**The data:**

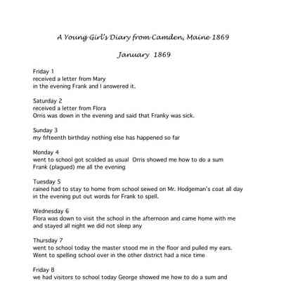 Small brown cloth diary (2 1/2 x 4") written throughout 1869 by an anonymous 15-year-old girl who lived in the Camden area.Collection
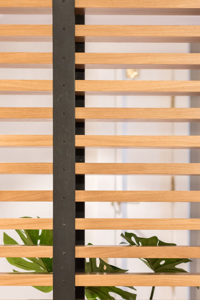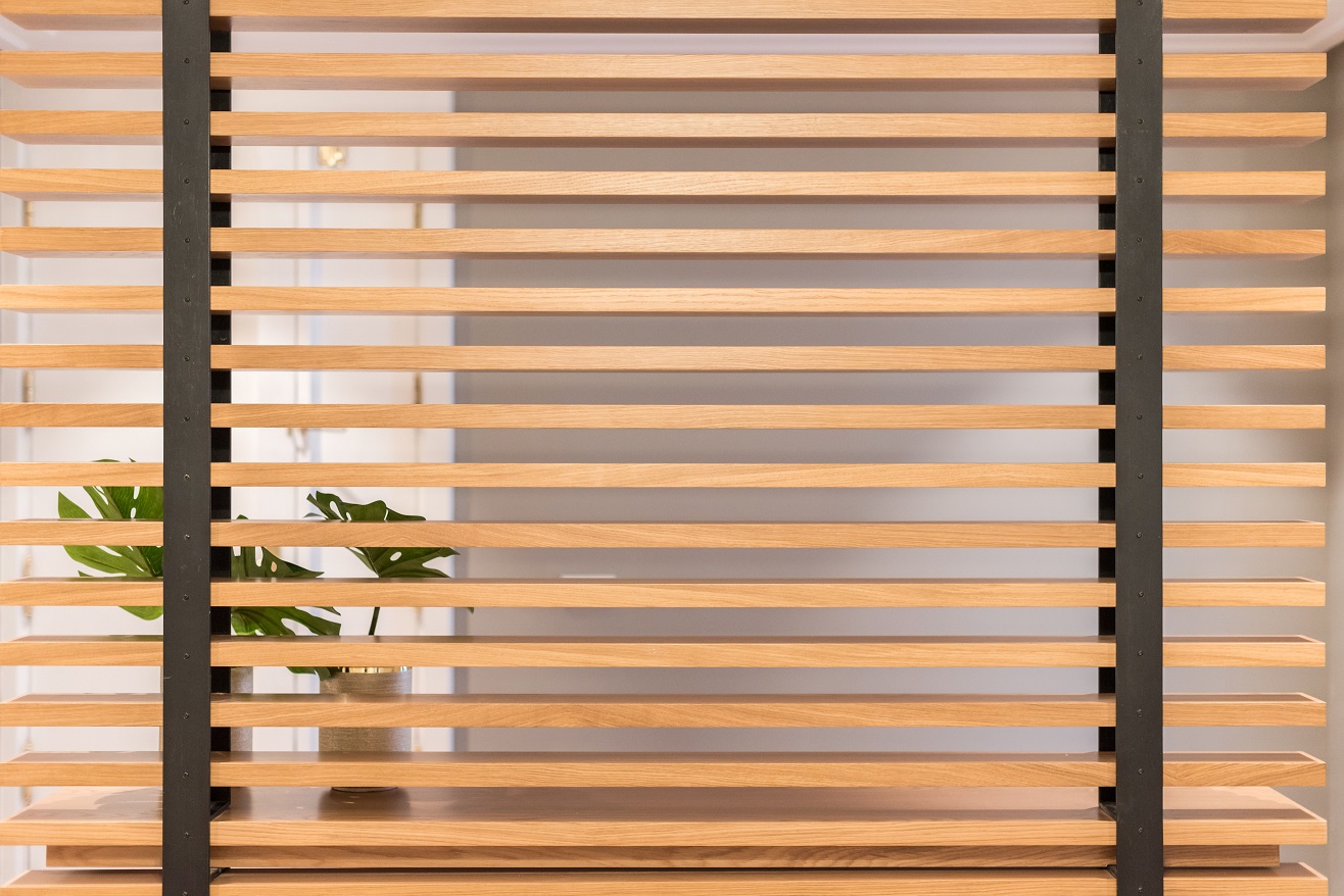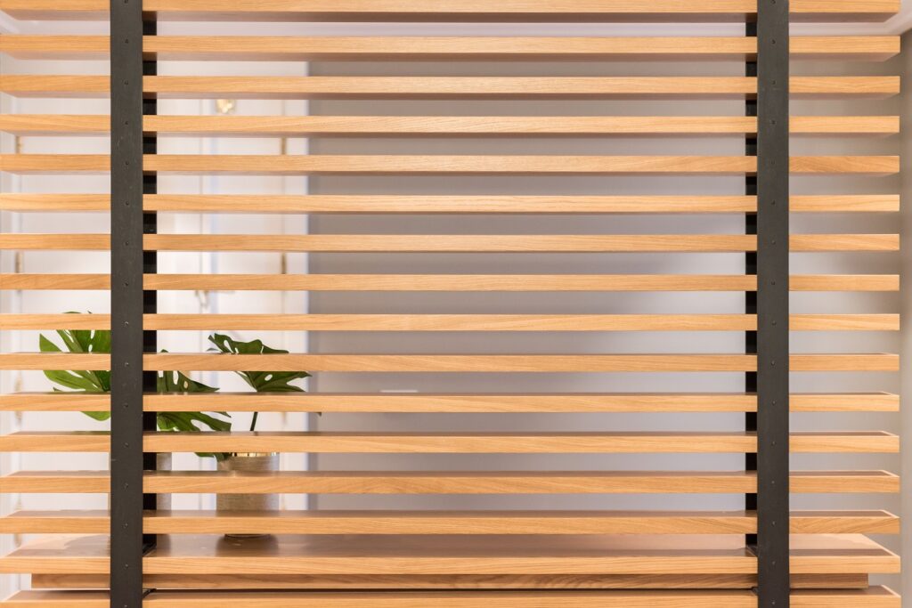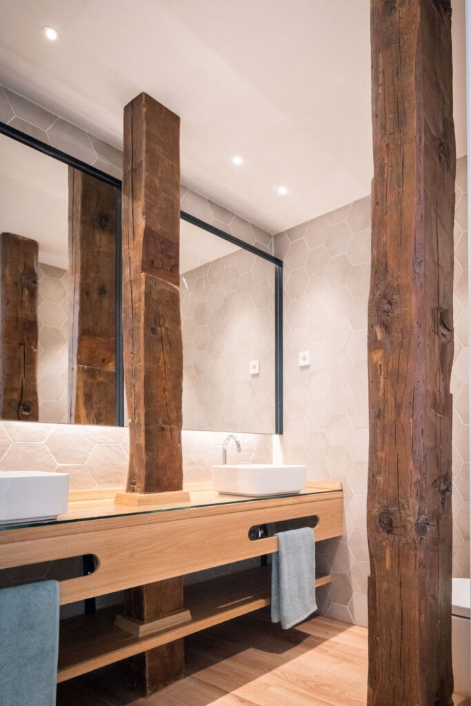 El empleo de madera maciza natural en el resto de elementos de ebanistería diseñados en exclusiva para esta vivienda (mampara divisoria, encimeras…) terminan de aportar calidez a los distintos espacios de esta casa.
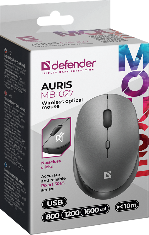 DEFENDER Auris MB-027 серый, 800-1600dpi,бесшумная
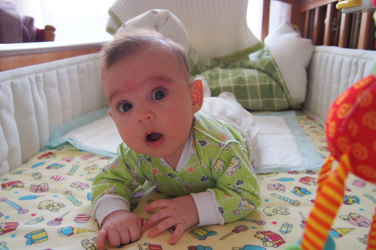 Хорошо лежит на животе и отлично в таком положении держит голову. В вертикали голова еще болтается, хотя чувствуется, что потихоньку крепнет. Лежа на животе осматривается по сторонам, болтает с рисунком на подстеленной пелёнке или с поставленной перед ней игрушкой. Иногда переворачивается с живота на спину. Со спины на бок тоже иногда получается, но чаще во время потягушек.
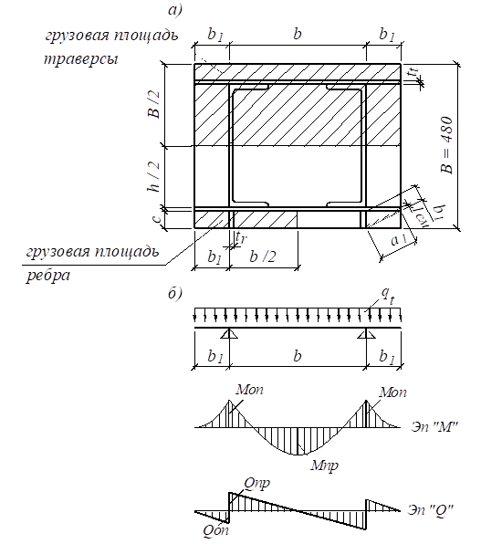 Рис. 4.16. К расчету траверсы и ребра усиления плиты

**Instructions to follow:** Your output should be the full set of entries above, restated word for word and free of pictures.

**The completed task:**
 Small brown cloth diary (2 1/2 x 4") written throughout 1869 by an anonymous 15-year-old girl who lived in the Camden area.Collection
 El empleo de madera maciza natural en el resto de elementos de ebanistería diseñados en exclusiva para esta vivienda (mampara divisoria, encimeras…) terminan de aportar calidez a los distintos espacios de esta casa.
 DEFENDER Auris MB-027 серый, 800-1600dpi,бесшумная
 Хорошо лежит на животе и отлично в таком положении держит голову. В вертикали голова еще болтается, хотя чувствуется, что потихоньку крепнет. Лежа на животе осматривается по сторонам, болтает с рисунком на подстеленной пелёнке или с поставленной перед ней игрушкой. Иногда переворачивается с живота на спину. Со спины на бок тоже иногда получается, но чаще во время потягушек.
 Рис. 4.16. К расчету траверсы и ребра усиления плиты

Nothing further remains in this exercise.